Look through the entries below and copy exactly the part that begins with the line containing "2019年10月19日,青岛" and ends with the line containing "存储器:包括1K的OTP ROM和48字节的RAM,用于存储程序和数据。". Do not copy the pictures.

• Supplied information:
=== Begin Enclosure ===

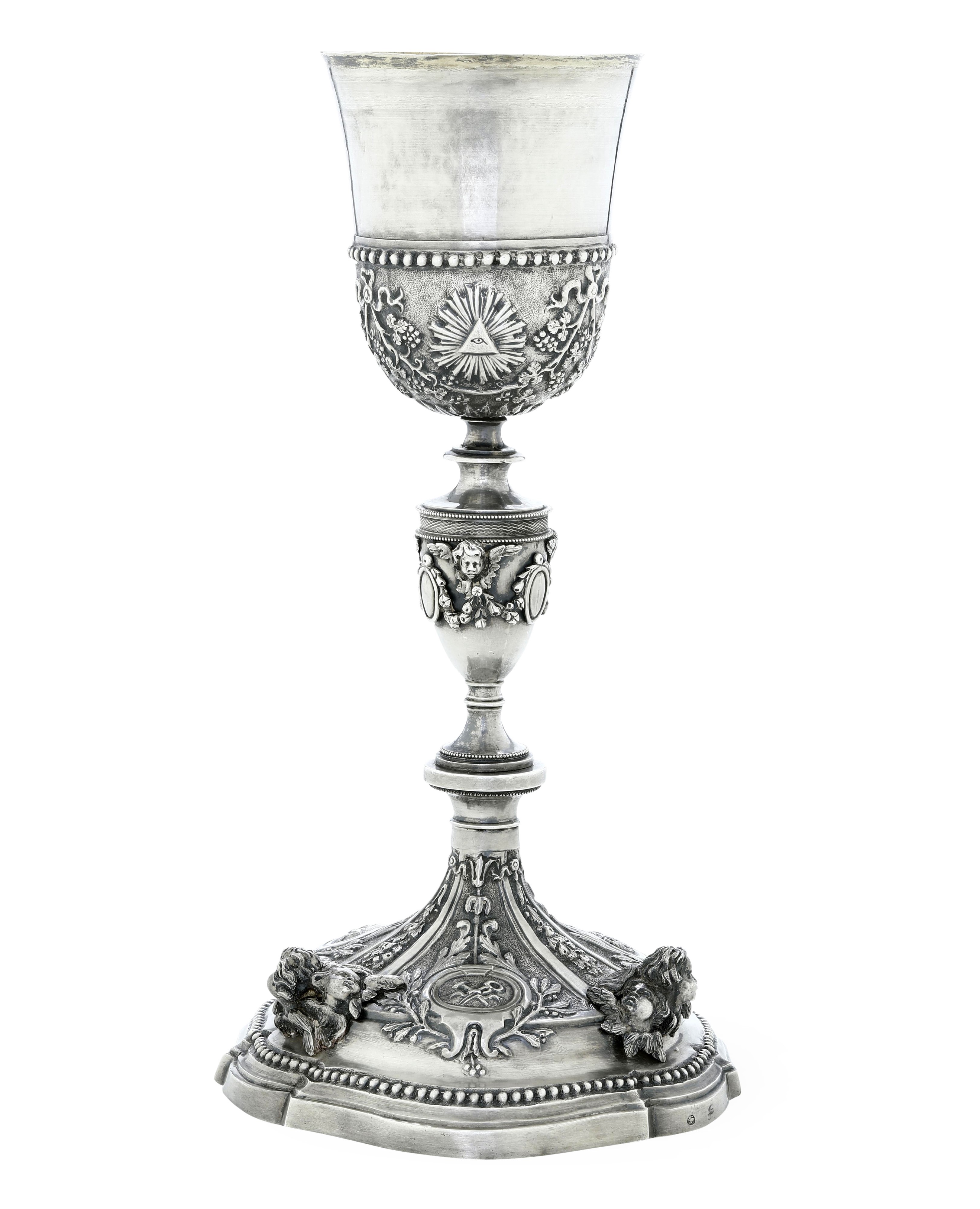 Roma, XIX secolo. Marchio camerale della città di Roma in uso dal 1815 al 1872 e marchio dell'argentiere entro losanga consunto di difficile lettura Calice eucaristico
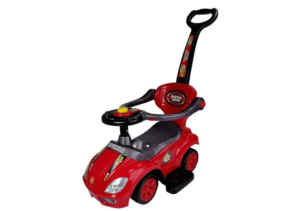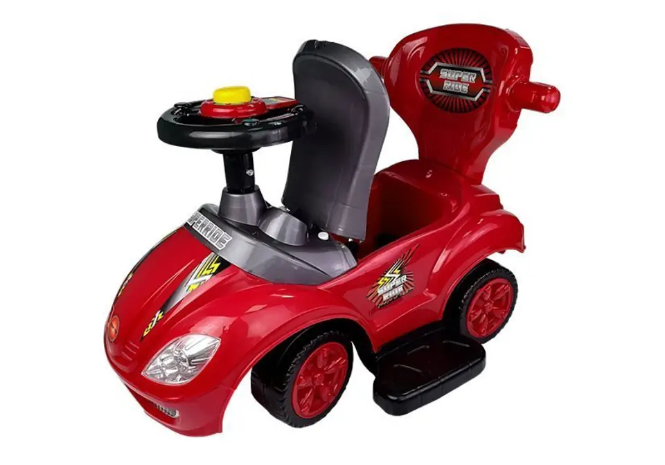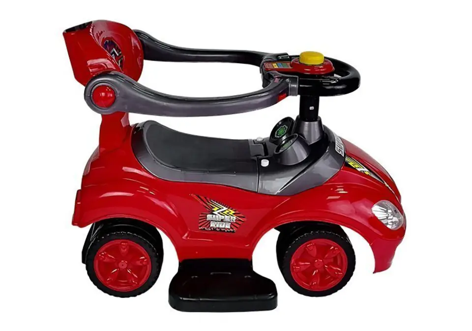 The Mega Car children's pusher ride has been designed for energetic teenagers who love to be outdoors. The car moves in a very simple way – it is enough for the caregiver to push the handle connected to the vehicle. When the child grows up and modifies the construction of his pusher, turning it into a ride-on, the little driver will take over the controls of his toy car, alternately pushing his legs off the ground. The baby pusher is a fantastic convenience for all parents, as it allows weekend walks and trips without having to take a stroller with you.
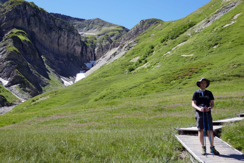 Des névés y persistent une grande partie de l’année. On arrive ensuite sur le magnifique secteur de la Sausse, sorte de cirque encadré par différents cols : le Bonhomme au nord, la Croix du Bonhomme à l’est et la Sauce au sud. Direction plein sud pour atteindre le dernier nommé (bien prendre à droite de la bergerie). D’ici, la vue s’ouvre vers le sud et quelques beaux sommets (aiguille du Grand Fond). Puis on se dirige vers le Rocher du Vent, dernière très belle étape de ce circuit, avec ses névés, sa via ferrata et ses belvédères sur les lacs de Roselend et de la Gittaz. La fin s’apparente à une (très) longue descente jusqu’au col de Sur Frêtes dans un premier temps, puis finalement jusqu’à la Gittaz.
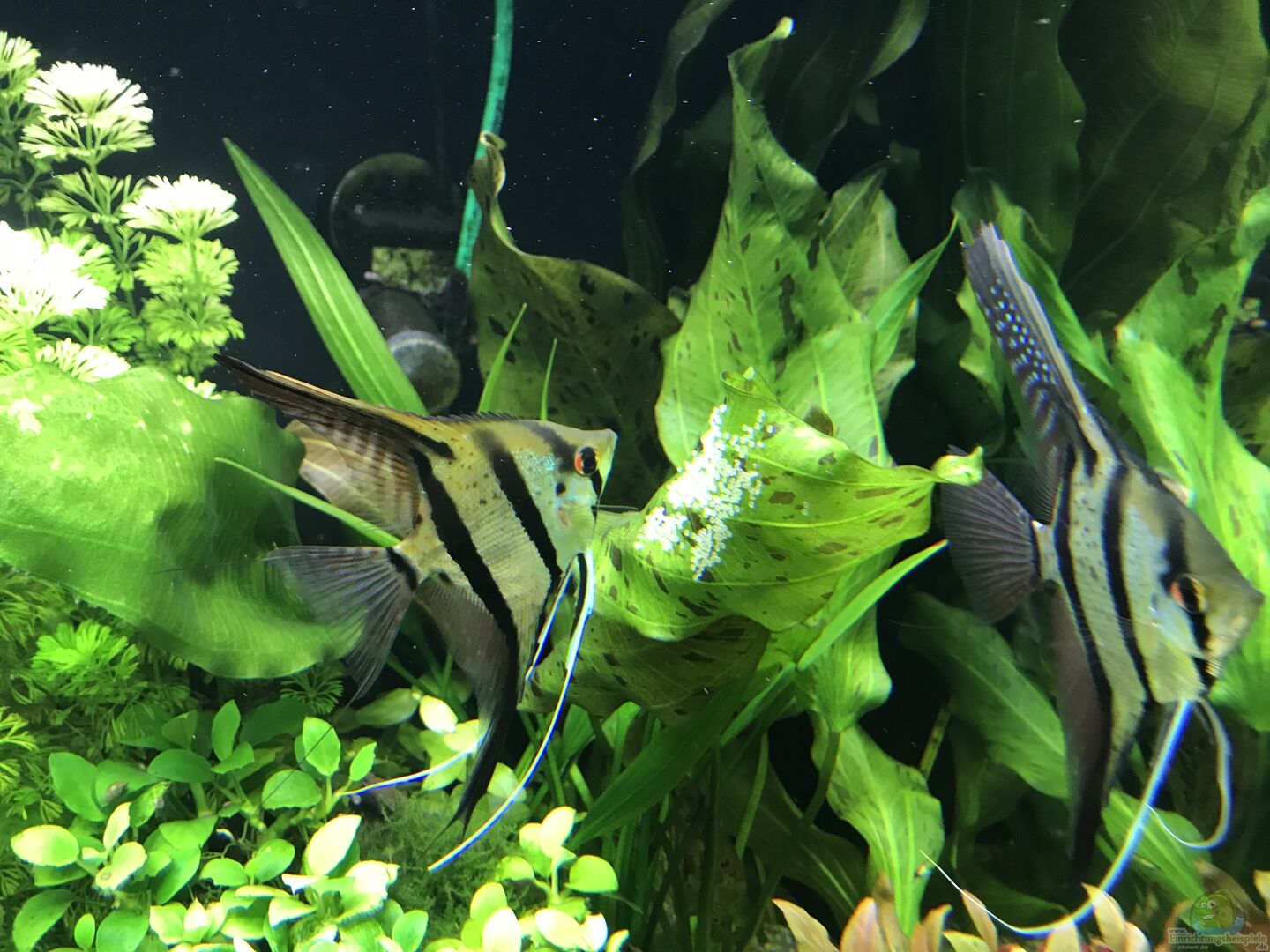 7x Synodontis lucipinnis 20x Corydoras adolfoi 8x Otocinclus affinis 4x Amanogarnele 2x Peru altum Skalar (laichen regelmässig ab im Becken) 7x blauer Kongosalmler (Phenacogrammus interruptus) 7x Rotrücken-Kirschflecksalmler (Hyphessobrycon pyrrhonotus) 6x Platy (Xiphophorus maculatus) 15x Weissflossen Schmucksalmler
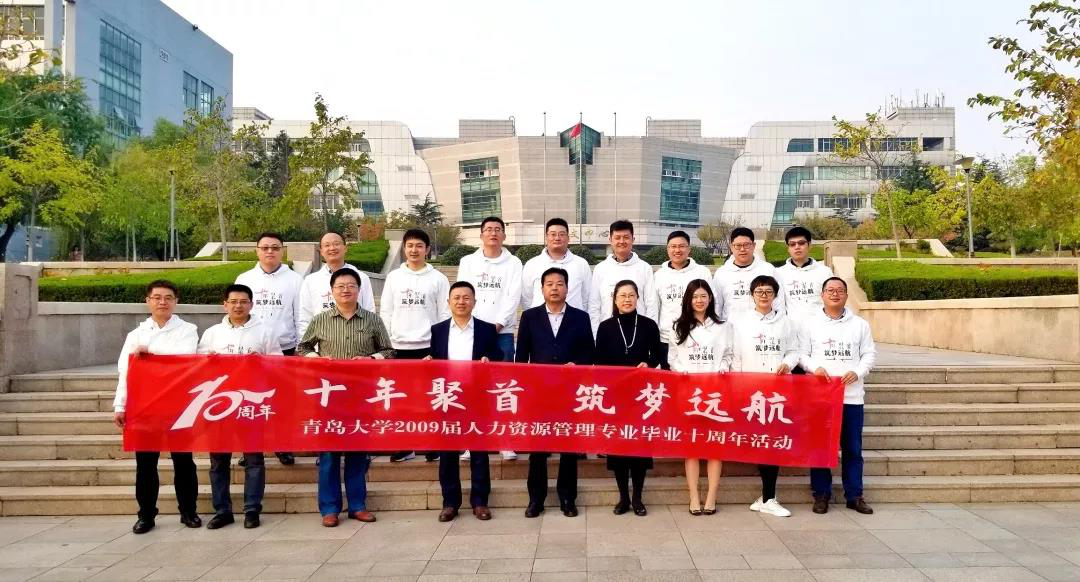 2019年10月19日,青岛大学2009届人力资源管理专业毕业十周年座谈会在金家岭校区西院办公楼310会议室举行。市场学系原党总支副书记李有平老师、市场学系教师贺广明教授、市场学系原团总支书记金铧老师、市场学系辅导员房征岩老师参加了座谈会。
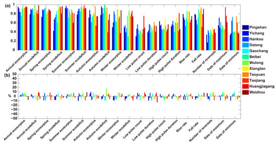 where ∆Hclimate is the change in the parameters caused by climate variation. Hsim,post and Hsim,pre are the mean values of the parameters of the hydrological metrics calculated by model simulation in the post-dam period and pre-dam period, respectively.
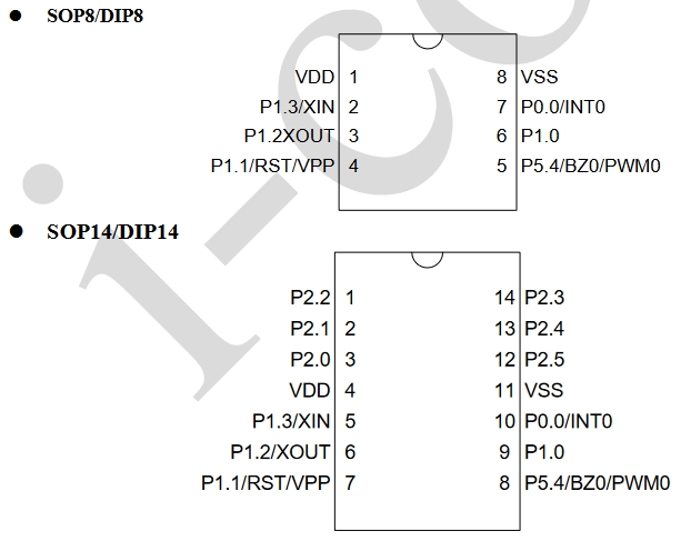 存储器:包括1K的OTP ROM和48字节的RAM,用于存储程序和数据。
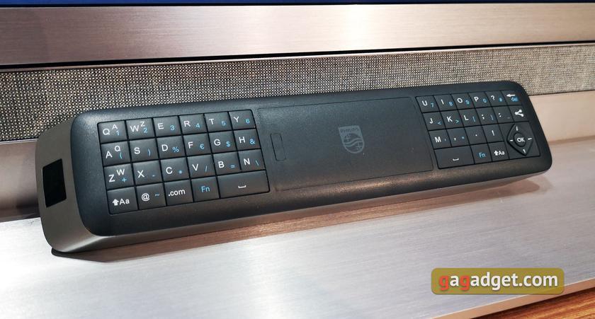 Пульт ДУ аналогичен младшей модели. Он крупный, с одной стороны — привычные для телевизоров органы управления, включая отдельные кнопки для управления плеером плюс кнопка для запуска Google Ассистента, микрофон для голосовых запросов и светодиодный индикатор его работы. На обратной стороне — QWERTY-клавиатура, которая разделена пополам для удобного набора большими пальцами.

=== End Enclosure ===

• Solution to the problem:
 2019年10月19日,青岛大学2009届人力资源管理专业毕业十周年座谈会在金家岭校区西院办公楼310会议室举行。市场学系原党总支副书记李有平老师、市场学系教师贺广明教授、市场学系原团总支书记金铧老师、市场学系辅导员房征岩老师参加了座谈会。
 where ∆Hclimate is the change in the parameters caused by climate variation. Hsim,post and Hsim,pre are the mean values of the parameters of the hydrological metrics calculated by model simulation in the post-dam period and pre-dam period, respectively.
 存储器:包括1K的OTP ROM和48字节的RAM,用于存储程序和数据。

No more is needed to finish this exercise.